Гребанный Лепехин, грустно подумал Уханов. Но вот нахрена мне надо было к нему заворачивать. Сидел бы сейчас с Лилькой, и в ус не дул.
Отказаться было совершенно невозможно. Во-первых, такой малодушный поступок тут же покрыл бы имя владельца несмываемым позором. А во-вторых, Питон очень нужен был завтра. Прыгая по ухабам и гремя железяками, железный конь поехал в другую сторону, все дальше и дальше увозя его от девушки.
Обширный двор ЦРБ, несколько лет используемый как место сбора, был заставлен всевозможными мотоциклами, среди которых уродцем выделялась двухместная СМЗ, или по простому инвалидка. В центре полыхал большой костер, разгоняя наступавшие сумерки. Рядом с ним неопрятной кучей был навален чей-то разобранный забор. В ней копались несколько ребят, выбирая штакетник по руке. Всего вокруг бродило в разном направлении больше ста человек молодежи. Со всех сторон доносились обрывки разговоров.
– Рулю я такой, на автопилоте, гляжу – пионеры в ботве сидят. И главное ботва такая симпатичная. Ну я гудэр тот еще. Пойду думаю. Заберу самую вкусную.
– Струна от контрабаса – это дрянь. Я бы с ней в сортир не пошел, не то чтобы на битву. Вот цепь от велосипеда – это вещь. А лучше от мотоцикла.

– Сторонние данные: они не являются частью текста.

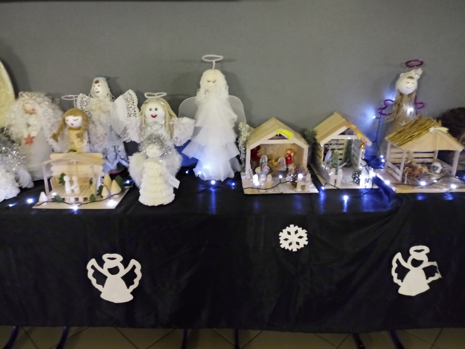 Szkolne Koło Wolontariatu zorganizowało jak co roku w grudniu wystawę szopek i aniołów.

– Люблю я ее! Люблю, понимаешь! Открою глаза – она! Закрою – опять она!
– Мы ключом цвырк, цвырк. Бесполезно. Сдох Жигуленок. А тут эта хрень из-за посадок поднимается, огнями переливается, и прожектор на нас. Такая жуть нас взяла.
– Пять часов терпел – орет. Пока Катьку провожал. Умираю. Расстегнул ширинку, и как даст струей себе в лоб.

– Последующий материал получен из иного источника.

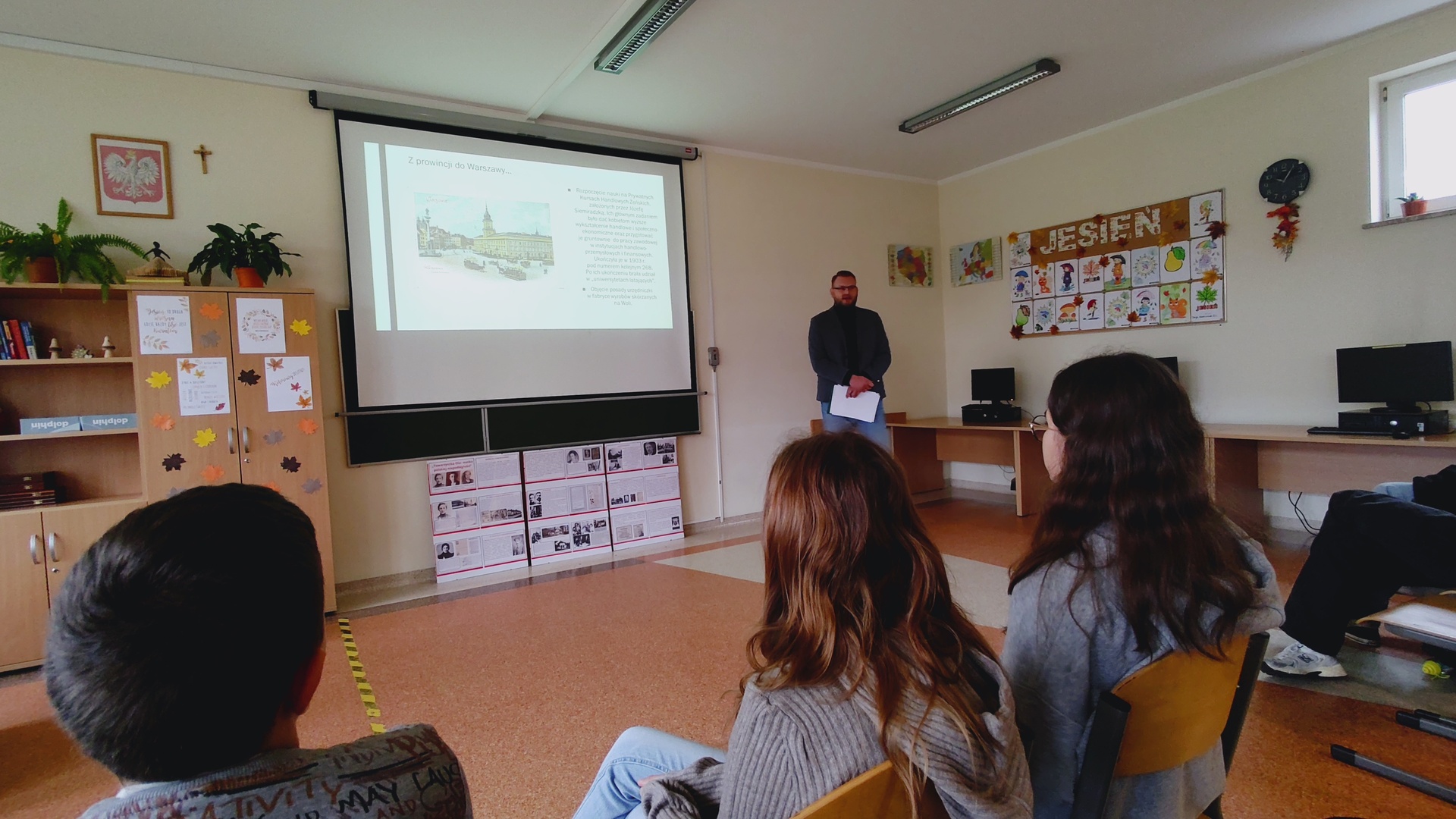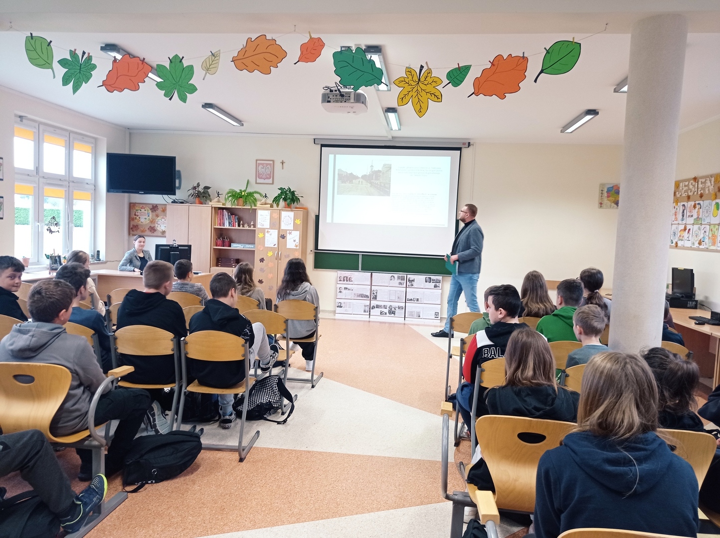 27 października 2023 r. uczniowie klas 7 ze Szkoły Podstawowej im. Henryka Sienkiewiczaw Bobolicach wzięli udział w wykładzie pn.”Aleksandra Piłsudska- krótka historia niezwykłej kobiety”, który wygłosił Pan Krzysztof Jedynak- pracownik Muzeum w Koszalinie. Pan Krzysztof przybliżył uczestnikom spotkania postać Aleksandry oraz zdradził wiele faktów i ciekawostek z jej życia. Słuchacze mieli również możliwość wziąć udział w mini quizie, z którym poradzili sobie znakomicie. Pani Monika Żemojtel Dyrektor Miejsko-Gminnej Biblioteki Publicznej w Bobolicach zaprosiła młodzież do udziału w grze terenowej, która odbędzie się już 11 listopada w ramach realizacji projektu pn. „Towarzyszka Ola – matka polskiej niepodległości” dofinansowanego ze środków Fundacji Orlen z programu „Moje miejsce na Ziemi”.

– Уха, зырь, – указал Женька на огромный вяз, на ветвях которого висели цепь, ремни, бейсболка, кроссовок и еще какие-то тряпки. – Трофейное дерево называется. Я придумал! Круто, да?

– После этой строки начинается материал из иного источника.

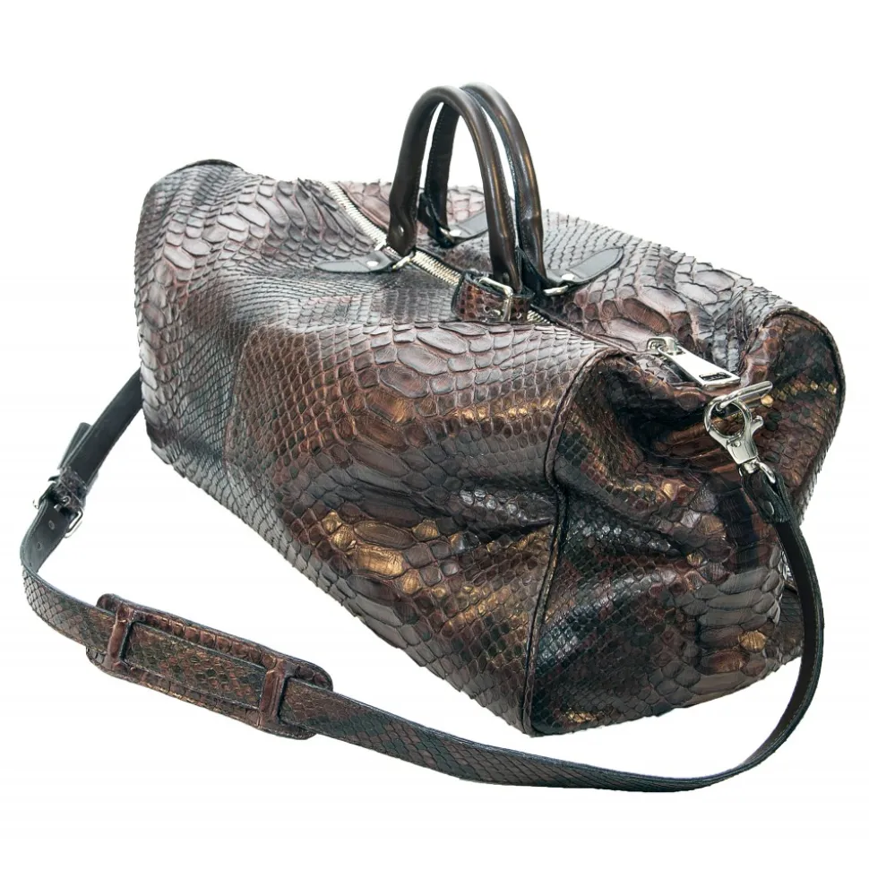 Travel bag in python leather with unisex handles. A perfect bag for every day that combines incredibly practical beauty and functionality. Also good as a travel bag or weekend.

Никита угрюмо промолчал, только сплюнул себе под ноги и полез в кучу, выбирать себе палку по руке.
– Ну че? Пора что ли?-спросил Камиль Иссимбаев.
– Пора, – согласились с ним, и вскоре рычащая кавалькада, громыхая и бибикая, тронулась в путь. Ехали весело. С криками, свистом, гогоча и лихача, заняв обе дорожные полосы, так что встречные машины сворачивали на обочину от греха подальше. Но когда приехали до места, всю веселость, как ветром сдуло. Даже на первый взгляд противник превосходил Ветровских численностью где-то раза в три. Это был очень неприятный сюрприз. Питон несколько раз газанул, и заглушил мотор.
– Приехали, – оскалившись сообщил он, натягивая на правую руку перчатку с обрезанными пальцами. Заклепки на ней тускло отсвечивали в свете фар. – Туранчокс нунчаки.
Питомников взял у оруженосца оружие, и покрутил палочками, рассекая воздух.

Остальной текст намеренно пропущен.